1984–85 WFA Cup

Tournament details
- Country: England & Wales

Final positions
- Champions: Friends of Fulham
- Runners-up: Doncaster Belles

= 1984–85 WFA Cup =

The 1984–85 WFA Cup was an association football knockout tournament for women's teams, held between 7 October 1984 and 12 May 1985. It was the 15th season of the WFA Cup and was won by Friends of Fulham, who defeated Doncaster Belles in the final.

The tournament consisted seven rounds of competition proper.

All match results and dates from the Women's FA Cup Website.

== Group A ==

=== First round proper ===
All games were scheduled for 7 October 1984.

| Tie | Home team (tier) | Score | Away team (tier) | Att. |
| 1 | Bournemouth | 6–0 | Exeter Rangers |  |
| 2 | Cardiff | H–W | Cope Chat |  |
Walkover for Cardiff
| 3 | Chard | 1–4 | Southampton |  |
| 4 | Exeter | 1–2 | C&C Southwick |  |
| 5 | Exmouth | 0–3 | Pelynt |  |
| 6 | Keynsham | 4–2 | Frome |  |
| 7 | Tiverton | 0–2 | Illogan |  |
| 8 | TV Pilgrims | 0–3 | Red Star Southampton |  |

=== Second round proper ===
All games were originally scheduled for 4 and 11 November 1984.
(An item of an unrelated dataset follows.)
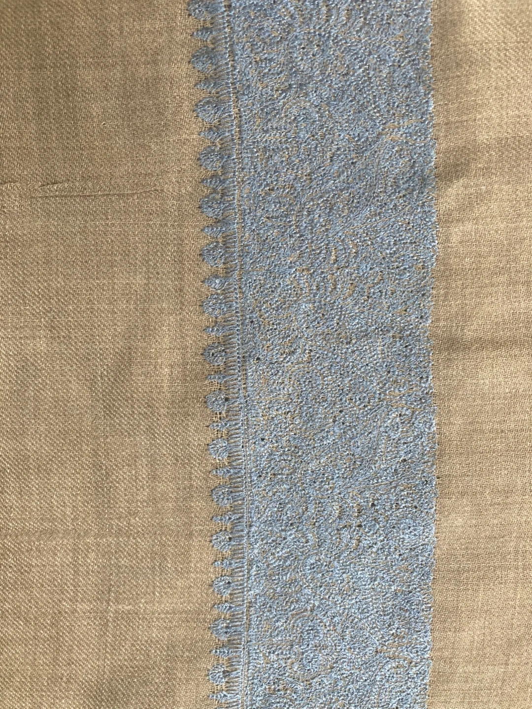 147Neutral sand colour with contrasting light blue embroidery. Has some imperfections (see pics) but otherwise in good condition. Measurements: 45 x 91 inches

| Tie | Home team (tier) | Score | Away team (tier) | Att. |
|---|---|---|---|---|
| 1 | Bournemouth | 0–5 | Illogan |  |
| 2 | C&C Southwick | 1–1 (a.e.t.) | Red Star Southampton |  |
| replay | Red Star Southampton | ?–? | C&C Southwick |  |
| 3 | Keynsham | 2–1 | Pelynt |  |
| 4 | Southampton | 9–0 | Cardiff |  |

=== Third round proper ===
All games were originally scheduled for 2, 9 and 16 December 1984.

| Tie | Home team (tier) | Score | Away team (tier) | Att. |
|---|---|---|---|---|
| 1 | Keynsham | ?–? | C&C Southwick |  |
| 2 | Southampton | 1–0 | Illogan |  |

== Group B ==

=== First round proper ===
All games were scheduled for 7 October 1984.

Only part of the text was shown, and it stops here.